Between the far west Incline Public House and the far east 50 West Brewery, we crisscrossed our great city leaving a wake of beer foam behind us.

Back in the day Kari and I used to frequent this Mexican restaurant in Mt. Washington called Los Portales. It's called El Rancho Grande now, but we still affectionally refer to it by the nickname we gave it years ago, LoPo.

I hadn't been there since Kari's going away party to NYC almost five years ago, (I was grieving), but now that Kari is back we went for dinner after leaving 50 West.

Dear sweet baby Jesus in the manger, I forgot how amazing this place is. Deliciously spicy salsa, divine enchiladas and burritos as big as your head. I'm a regular again. Even Ray was bullshit about it, all 'Why haven't you brought me here before?!'

Because I am Mexican-restaurant-next-to-Bigg's failure, that why.

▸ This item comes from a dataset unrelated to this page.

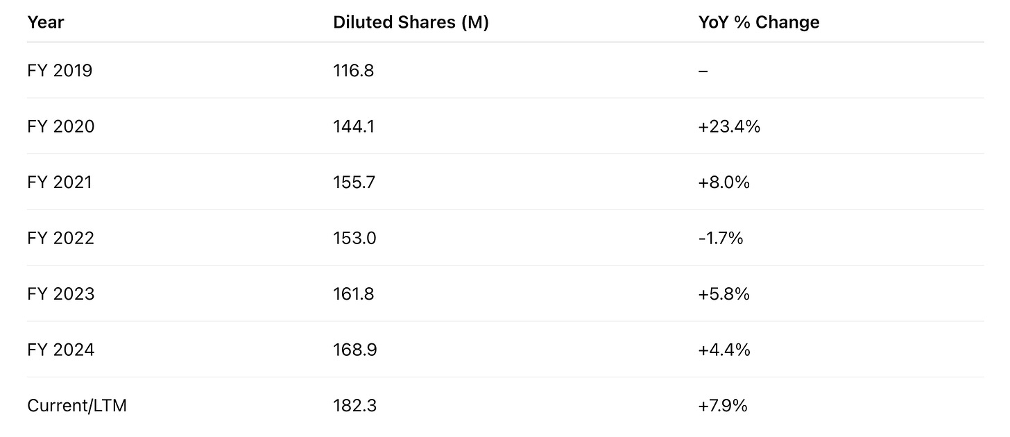 Additionally, if you look back at the table we built, diluted shares grew from 116.8m in FY2019 to 182.3m today – more than 55% higher in six years, which works out to a ~7.6% CAGR. Even if that moderates going forward, it’s fair to expect dilution will continue to chip away at per-share growth.
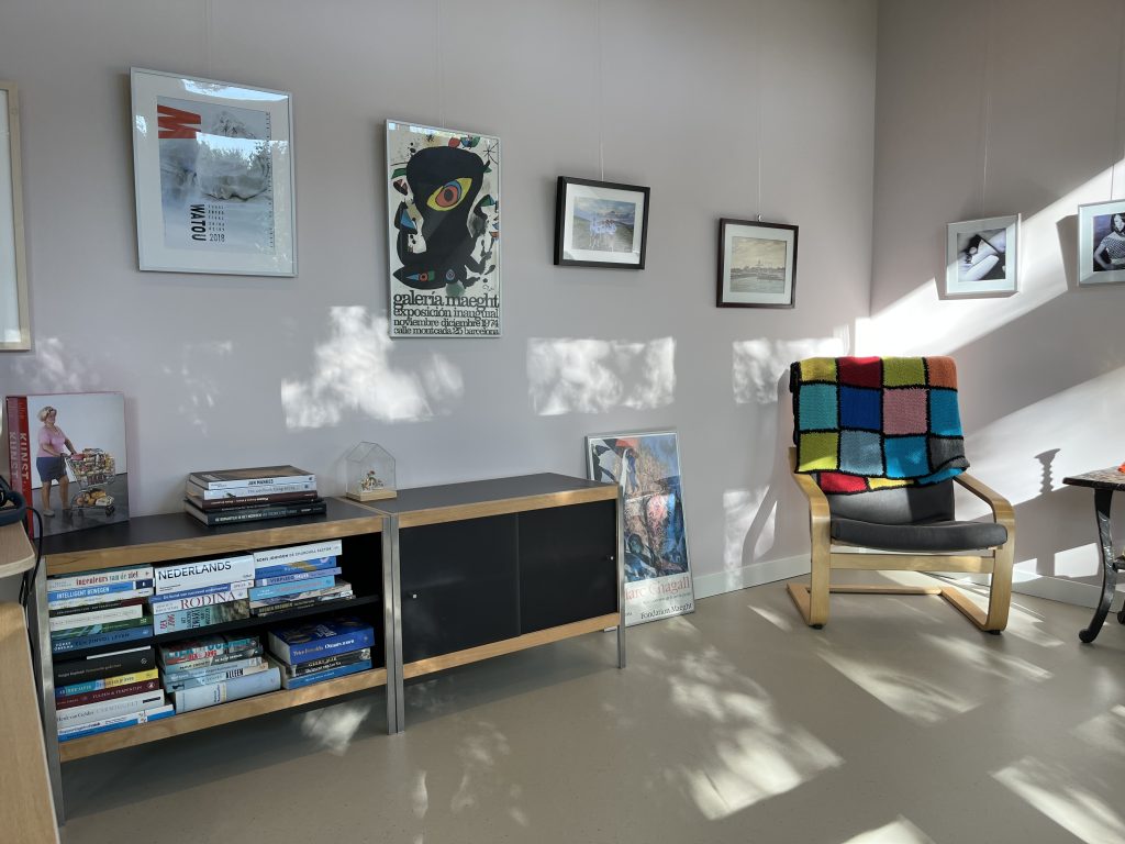 De wanden hangen vol kunst. Posters van exposities die we ooit bezochten, foto’s en houtsneden. In de ruimte staat ook een foto van mijn vader en mij. Mijn vader is overleden, maar had een enorm schrijftalent. Zijn luchtige pen is inspirerend voor me, net zoals die van Simon Carmiggelt. Op deze foto ben ik ongeveer vier jaar oud. Ik sta op een klimrek en mijn vader staat eronder om mij op te vangen. Ik kijk semi-trots en angstig, omdat het klimrek toch wel hoog is. Verder heb ik een zelfgemaakt kommetje van pottenbakken dat verrassend goed is gelukt, en een deken van kleine vierkantjes die mijn oma in het verpleeghuis heeft gebreid. Ondanks haar beperkingen bleef ze creatief en na haar overlijden heeft de activiteitenbegeleider de vierkantjes aan elkaar genaaid tot een deken. Dat vind ik heel lief.

So yeah, we basically ate every meal out this weekend, but at least several of them were at new places. You can't say that all the time.

Since we were disgusting pigs and ate a bunch of crap, we hit Lunken for a few laps on Sunday. Man it was great to get the bikes out and sweat a bit. I haven't so much as pretended I was going to exercise in the last six months since I've been either cut open or been waiting to get cut open again, but now that the surgeries are behind me, I'm itching to workout and sweat again.

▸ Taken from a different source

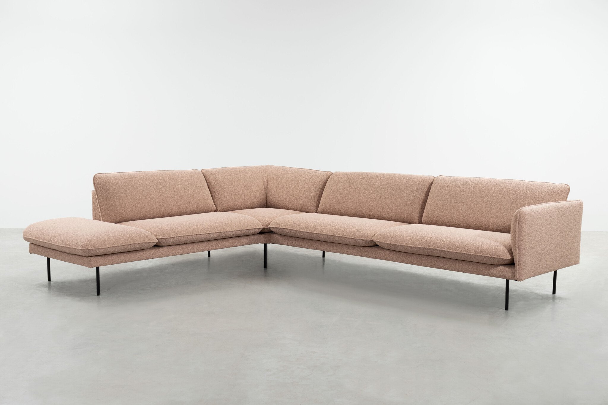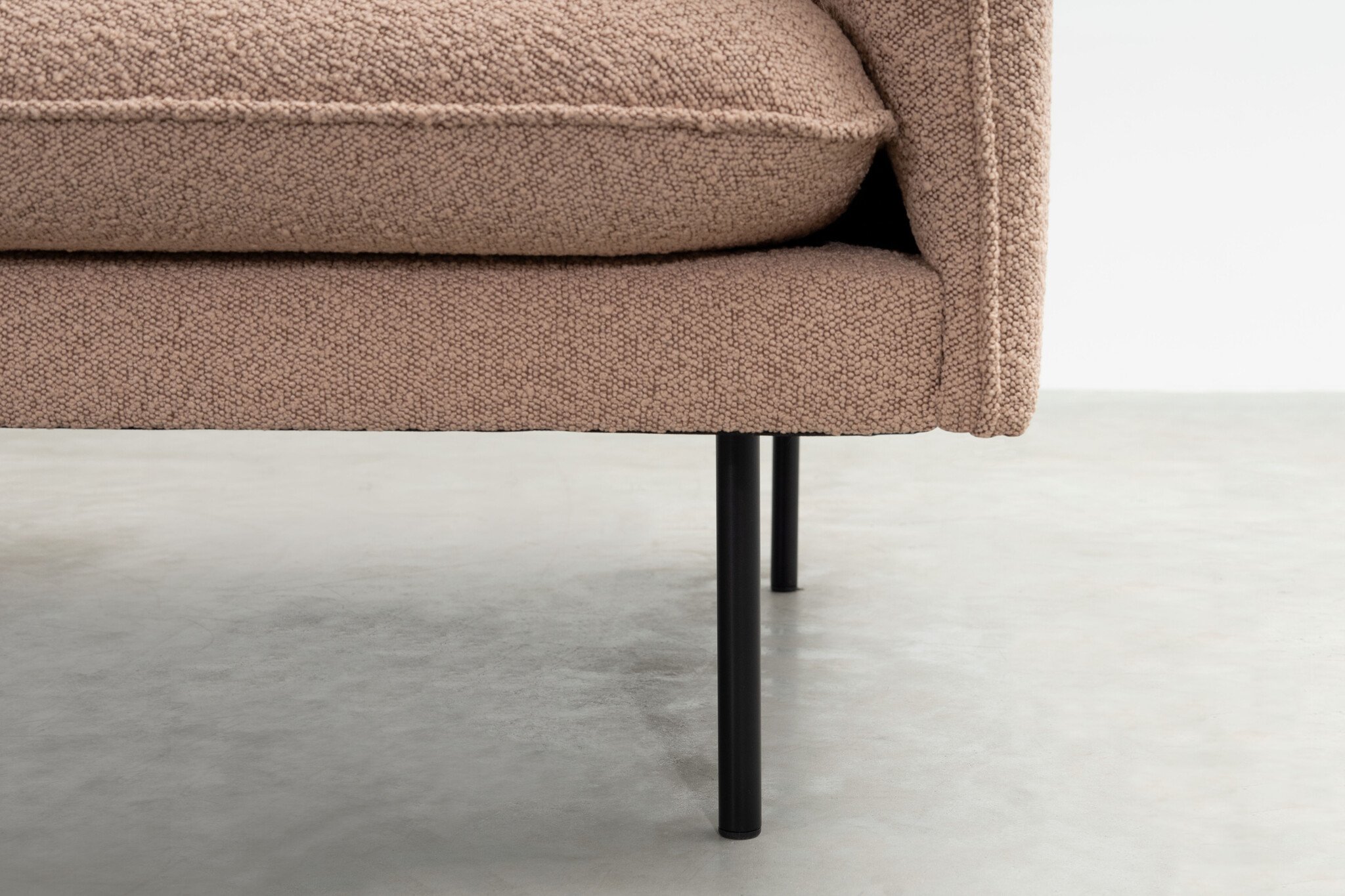 De poten van onze Jolin bank ogen rank, maar zijn van stevig, zwart gepoedercoat staal. Alle kussens zijn met klittenband aan het frame bevestigd, zodat ze goed op hun plaats blijven. De bank lijkt op het eerste gezicht op de Rølde, maar er zijn wel degelijk verschillen: de kussens van Jolin zijn afgewerkt met een piping bij de naden en de leuning van het hoekelement is driehoekig.

I think my scars are looking pretty good though. Don't you? Yeah, I'll probably still wear a bikini. 


The middle one is raised, like I was branded in a fraternity that specializes in mid-line abdominal incisions.

Oh, I forgot... Friday night after dinner we went to Unwind in Hyde Park, the wine bar just off the square. I'm a big fan of this place, mostly because I'm a big fan of wine bars.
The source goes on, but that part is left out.